◆ Dataset section:
========================================================================

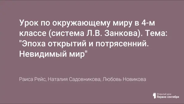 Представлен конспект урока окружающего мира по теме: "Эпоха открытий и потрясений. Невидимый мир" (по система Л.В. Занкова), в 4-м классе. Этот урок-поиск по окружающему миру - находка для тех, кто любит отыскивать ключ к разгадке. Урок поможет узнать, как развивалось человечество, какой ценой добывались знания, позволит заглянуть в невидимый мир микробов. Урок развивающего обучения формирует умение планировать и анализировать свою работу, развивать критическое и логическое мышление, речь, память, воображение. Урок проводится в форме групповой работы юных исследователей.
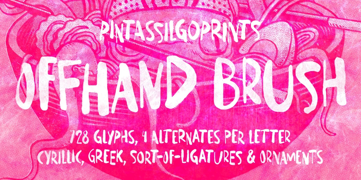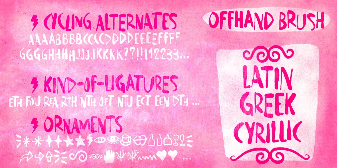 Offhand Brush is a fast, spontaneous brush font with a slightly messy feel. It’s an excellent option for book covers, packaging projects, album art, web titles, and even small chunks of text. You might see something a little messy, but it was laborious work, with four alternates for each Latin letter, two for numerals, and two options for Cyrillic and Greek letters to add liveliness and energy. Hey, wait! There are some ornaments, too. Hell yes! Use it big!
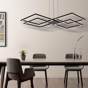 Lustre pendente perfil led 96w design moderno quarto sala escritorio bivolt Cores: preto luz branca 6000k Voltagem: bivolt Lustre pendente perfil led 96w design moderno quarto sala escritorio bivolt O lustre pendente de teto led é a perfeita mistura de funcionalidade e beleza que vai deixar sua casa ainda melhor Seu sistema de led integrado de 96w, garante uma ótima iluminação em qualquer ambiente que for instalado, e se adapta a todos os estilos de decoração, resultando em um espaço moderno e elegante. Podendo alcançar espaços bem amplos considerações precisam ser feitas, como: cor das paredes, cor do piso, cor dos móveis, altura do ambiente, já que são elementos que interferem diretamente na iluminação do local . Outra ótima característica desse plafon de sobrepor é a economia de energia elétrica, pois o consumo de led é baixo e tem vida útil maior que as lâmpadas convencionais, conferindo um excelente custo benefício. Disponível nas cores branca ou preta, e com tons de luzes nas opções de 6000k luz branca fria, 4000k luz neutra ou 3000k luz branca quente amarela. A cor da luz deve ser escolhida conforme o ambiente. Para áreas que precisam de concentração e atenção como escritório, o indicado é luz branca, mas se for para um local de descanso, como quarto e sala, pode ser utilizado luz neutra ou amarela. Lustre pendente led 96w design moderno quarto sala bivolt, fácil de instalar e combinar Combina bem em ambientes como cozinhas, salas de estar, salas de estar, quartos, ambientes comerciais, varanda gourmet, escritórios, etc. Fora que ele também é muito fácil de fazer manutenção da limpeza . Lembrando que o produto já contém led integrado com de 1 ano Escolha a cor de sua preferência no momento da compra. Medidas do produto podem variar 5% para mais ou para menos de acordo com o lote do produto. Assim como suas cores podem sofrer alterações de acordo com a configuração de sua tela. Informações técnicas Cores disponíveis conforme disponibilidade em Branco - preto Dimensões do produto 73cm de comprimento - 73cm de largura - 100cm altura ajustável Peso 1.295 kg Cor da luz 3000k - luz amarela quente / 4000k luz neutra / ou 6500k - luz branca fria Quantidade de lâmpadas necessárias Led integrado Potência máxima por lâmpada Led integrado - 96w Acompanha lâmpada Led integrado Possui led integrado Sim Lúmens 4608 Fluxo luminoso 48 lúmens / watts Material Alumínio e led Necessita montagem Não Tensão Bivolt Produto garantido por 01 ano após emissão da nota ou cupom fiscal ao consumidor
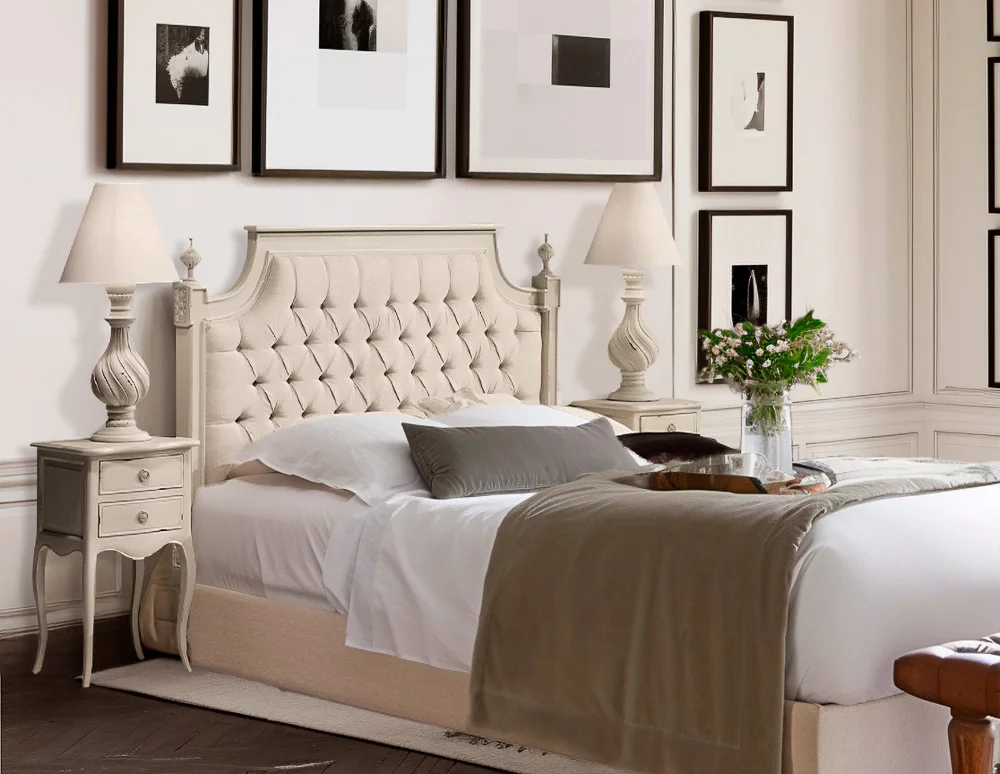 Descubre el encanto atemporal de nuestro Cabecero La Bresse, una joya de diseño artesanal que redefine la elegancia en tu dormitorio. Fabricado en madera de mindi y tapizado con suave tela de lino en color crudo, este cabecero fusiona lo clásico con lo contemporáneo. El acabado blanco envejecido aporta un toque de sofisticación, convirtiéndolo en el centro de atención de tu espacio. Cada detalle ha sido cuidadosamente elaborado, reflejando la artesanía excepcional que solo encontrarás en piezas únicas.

========================================================================

◆ Problem: When you repeat the lines above, keep them exact and leave out each image they contain.

◆ Task output:
 Представлен конспект урока окружающего мира по теме: "Эпоха открытий и потрясений. Невидимый мир" (по система Л.В. Занкова), в 4-м классе. Этот урок-поиск по окружающему миру - находка для тех, кто любит отыскивать ключ к разгадке. Урок поможет узнать, как развивалось человечество, какой ценой добывались знания, позволит заглянуть в невидимый мир микробов. Урок развивающего обучения формирует умение планировать и анализировать свою работу, развивать критическое и логическое мышление, речь, память, воображение. Урок проводится в форме групповой работы юных исследователей.
 Offhand Brush is a fast, spontaneous brush font with a slightly messy feel. It’s an excellent option for book covers, packaging projects, album art, web titles, and even small chunks of text. You might see something a little messy, but it was laborious work, with four alternates for each Latin letter, two for numerals, and two options for Cyrillic and Greek letters to add liveliness and energy. Hey, wait! There are some ornaments, too. Hell yes! Use it big!
 Lustre pendente perfil led 96w design moderno quarto sala escritorio bivolt Cores: preto luz branca 6000k Voltagem: bivolt Lustre pendente perfil led 96w design moderno quarto sala escritorio bivolt O lustre pendente de teto led é a perfeita mistura de funcionalidade e beleza que vai deixar sua casa ainda melhor Seu sistema de led integrado de 96w, garante uma ótima iluminação em qualquer ambiente que for instalado, e se adapta a todos os estilos de decoração, resultando em um espaço moderno e elegante. Podendo alcançar espaços bem amplos considerações precisam ser feitas, como: cor das paredes, cor do piso, cor dos móveis, altura do ambiente, já que são elementos que interferem diretamente na iluminação do local . Outra ótima característica desse plafon de sobrepor é a economia de energia elétrica, pois o consumo de led é baixo e tem vida útil maior que as lâmpadas convencionais, conferindo um excelente custo benefício. Disponível nas cores branca ou preta, e com tons de luzes nas opções de 6000k luz branca fria, 4000k luz neutra ou 3000k luz branca quente amarela. A cor da luz deve ser escolhida conforme o ambiente. Para áreas que precisam de concentração e atenção como escritório, o indicado é luz branca, mas se for para um local de descanso, como quarto e sala, pode ser utilizado luz neutra ou amarela. Lustre pendente led 96w design moderno quarto sala bivolt, fácil de instalar e combinar Combina bem em ambientes como cozinhas, salas de estar, salas de estar, quartos, ambientes comerciais, varanda gourmet, escritórios, etc. Fora que ele também é muito fácil de fazer manutenção da limpeza . Lembrando que o produto já contém led integrado com de 1 ano Escolha a cor de sua preferência no momento da compra. Medidas do produto podem variar 5% para mais ou para menos de acordo com o lote do produto. Assim como suas cores podem sofrer alterações de acordo com a configuração de sua tela. Informações técnicas Cores disponíveis conforme disponibilidade em Branco - preto Dimensões do produto 73cm de comprimento - 73cm de largura - 100cm altura ajustável Peso 1.295 kg Cor da luz 3000k - luz amarela quente / 4000k luz neutra / ou 6500k - luz branca fria Quantidade de lâmpadas necessárias Led integrado Potência máxima por lâmpada Led integrado - 96w Acompanha lâmpada Led integrado Possui led integrado Sim Lúmens 4608 Fluxo luminoso 48 lúmens / watts Material Alumínio e led Necessita montagem Não Tensão Bivolt Produto garantido por 01 ano após emissão da nota ou cupom fiscal ao consumidor
 Descubre el encanto atemporal de nuestro Cabecero La Bresse, una joya de diseño artesanal que redefine la elegancia en tu dormitorio. Fabricado en madera de mindi y tapizado con suave tela de lino en color crudo, este cabecero fusiona lo clásico con lo contemporáneo. El acabado blanco envejecido aporta un toque de sofisticación, convirtiéndolo en el centro de atención de tu espacio. Cada detalle ha sido cuidadosamente elaborado, reflejando la artesanía excepcional que solo encontrarás en piezas únicas.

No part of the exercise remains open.